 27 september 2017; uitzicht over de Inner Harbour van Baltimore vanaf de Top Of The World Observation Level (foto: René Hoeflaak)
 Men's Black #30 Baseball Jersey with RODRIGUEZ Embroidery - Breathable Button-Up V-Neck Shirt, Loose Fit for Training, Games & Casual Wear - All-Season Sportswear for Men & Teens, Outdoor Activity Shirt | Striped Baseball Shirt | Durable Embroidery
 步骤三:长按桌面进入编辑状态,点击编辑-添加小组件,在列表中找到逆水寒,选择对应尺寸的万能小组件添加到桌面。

○ ○ ○

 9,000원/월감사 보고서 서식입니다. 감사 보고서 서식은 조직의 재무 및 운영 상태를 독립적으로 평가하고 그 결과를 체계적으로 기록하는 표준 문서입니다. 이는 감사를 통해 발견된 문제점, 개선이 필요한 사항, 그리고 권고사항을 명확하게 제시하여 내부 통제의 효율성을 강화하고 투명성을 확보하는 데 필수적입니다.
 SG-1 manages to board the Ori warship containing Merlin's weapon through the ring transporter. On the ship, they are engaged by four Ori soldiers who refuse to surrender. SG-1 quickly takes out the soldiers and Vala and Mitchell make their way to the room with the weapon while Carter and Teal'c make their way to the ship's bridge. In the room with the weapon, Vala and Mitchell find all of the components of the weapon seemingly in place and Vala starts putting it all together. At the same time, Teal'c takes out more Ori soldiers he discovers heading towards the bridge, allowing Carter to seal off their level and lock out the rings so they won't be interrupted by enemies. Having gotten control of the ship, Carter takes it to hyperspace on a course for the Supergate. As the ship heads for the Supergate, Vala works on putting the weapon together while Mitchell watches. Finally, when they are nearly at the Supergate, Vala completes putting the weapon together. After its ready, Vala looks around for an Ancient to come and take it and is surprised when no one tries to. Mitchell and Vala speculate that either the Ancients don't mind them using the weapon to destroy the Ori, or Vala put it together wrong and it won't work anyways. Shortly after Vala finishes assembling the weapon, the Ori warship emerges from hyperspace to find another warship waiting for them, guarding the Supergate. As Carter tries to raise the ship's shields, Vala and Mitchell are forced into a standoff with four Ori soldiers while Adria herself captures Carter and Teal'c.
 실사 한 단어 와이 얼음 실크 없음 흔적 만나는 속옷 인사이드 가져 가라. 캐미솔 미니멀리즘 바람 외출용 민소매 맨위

○ ○ ○

In the data above, which lines lie between the line with "Men's Black #30" and the line with "步骤三:长按桌面进入编辑状态", inclusive? Print those lines exactly and nothing else.

 Men's Black #30 Baseball Jersey with RODRIGUEZ Embroidery - Breathable Button-Up V-Neck Shirt, Loose Fit for Training, Games & Casual Wear - All-Season Sportswear for Men & Teens, Outdoor Activity Shirt | Striped Baseball Shirt | Durable Embroidery
 步骤三:长按桌面进入编辑状态,点击编辑-添加小组件,在列表中找到逆水寒,选择对应尺寸的万能小组件添加到桌面。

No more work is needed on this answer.